1. ## Markov inequality

If X is a Poisson random variable with mean $\displaystyle \lambda$ show that for $\displaystyle i < \lambda,$

$\displaystyle P(X \leq i) \leq e^{-\lambda}(\frac{e\lambda}{i})^i$

I've tried all the inequalities, but I keep getting stuck. Any push in the right direction would be greatly appreciated.

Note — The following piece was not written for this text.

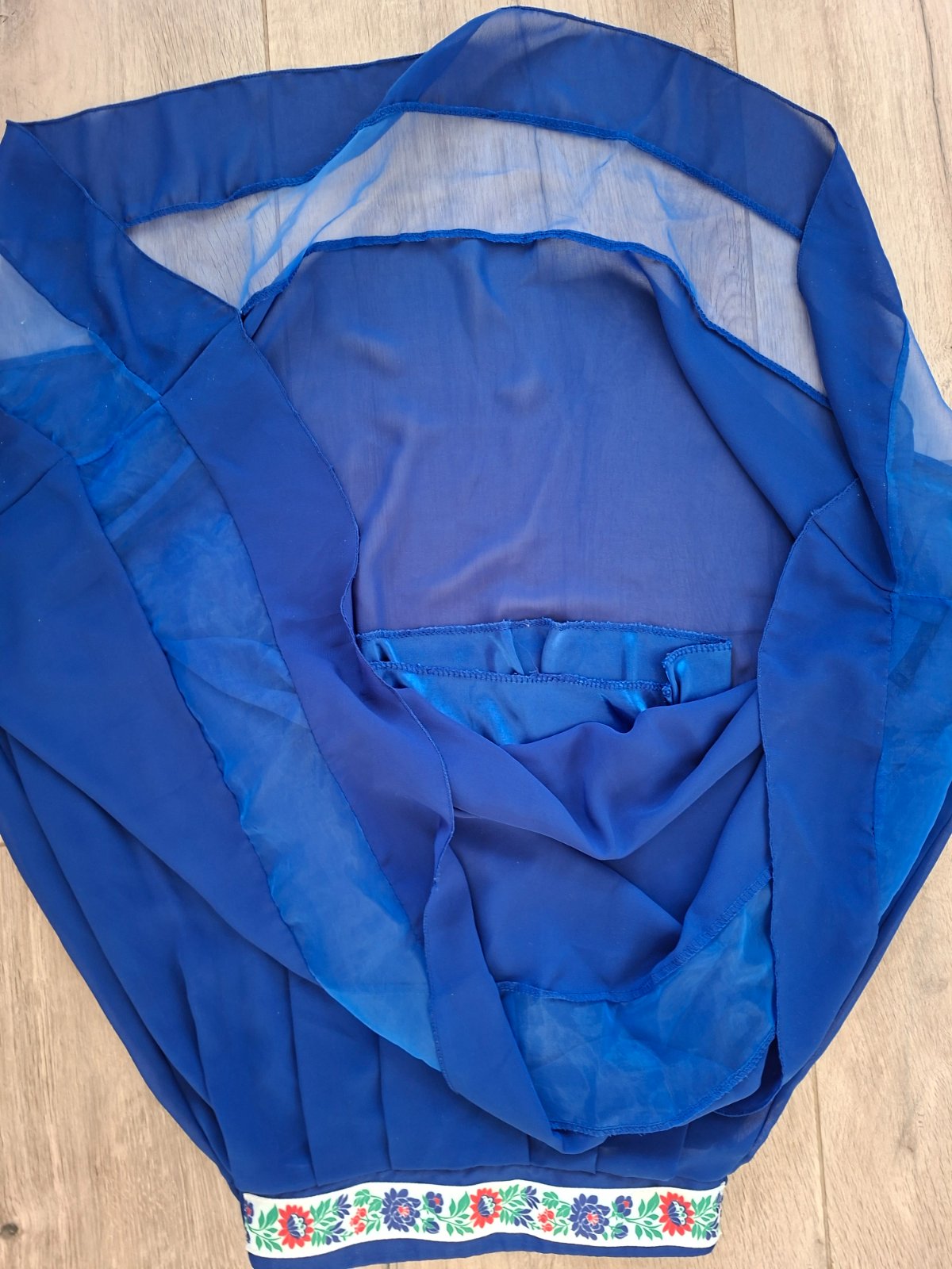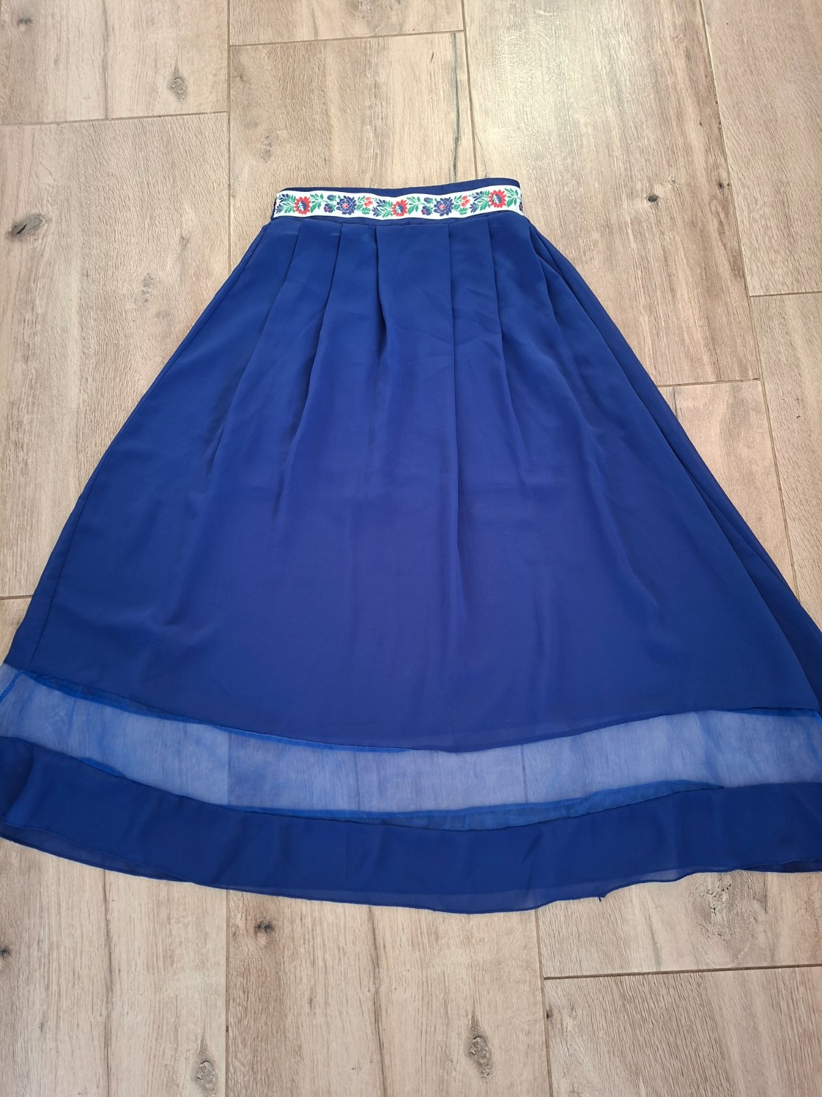 S kratkou podsivkou. V pase folklorny motiv. Vzadu je na gumu. Dlzka 82cm

2. Originally Posted by Anonymous1
If X is a Poisson random variable with mean $\displaystyle \lambda$ show that for $\displaystyle i < \lambda,$

$\displaystyle P(X \leq i) \leq e^{-\lambda}(\frac{e\lambda}{i})^i$

I've tried all the inequalities, but I keep getting stuck. Any push in the right direction would be greatly appreciated.
Since $\displaystyle P(X \leq i) = \sum_{j=0}^i \frac{1}{j!} j^i e^{-\lambda}$,
the desired inequality is equivalent to
$\displaystyle \sum_{j=0}^i \frac{1}{j!} j^i \leq (\frac{e \lambda}{i})^i$.

To that end, note that
$\displaystyle (\frac{e \lambda}{i})^i = (\frac{\lambda}{i})^i e^i$
$\displaystyle =(\frac{\lambda}{i})^i \sum_{j=0}^{\infty}\frac{i^j}{j!}$
$\displaystyle > (\frac{\lambda}{i})^i \sum_{j=0}^i \frac{i^j}{j!}$ ...(truncating)
$\displaystyle =\sum_{j=0}^i \frac{\lambda^i}{j! i^{i-j}}$
$\displaystyle \geq \sum_{j=0}^i \frac{\lambda^i}{j! \lambda^{i-j}}$ ... since $\displaystyle i \leq \lambda$ and $\displaystyle i-j \geq 0$
$\displaystyle =\sum_{j=0}^i \frac{\lambda^j}{j!}$
and we are done.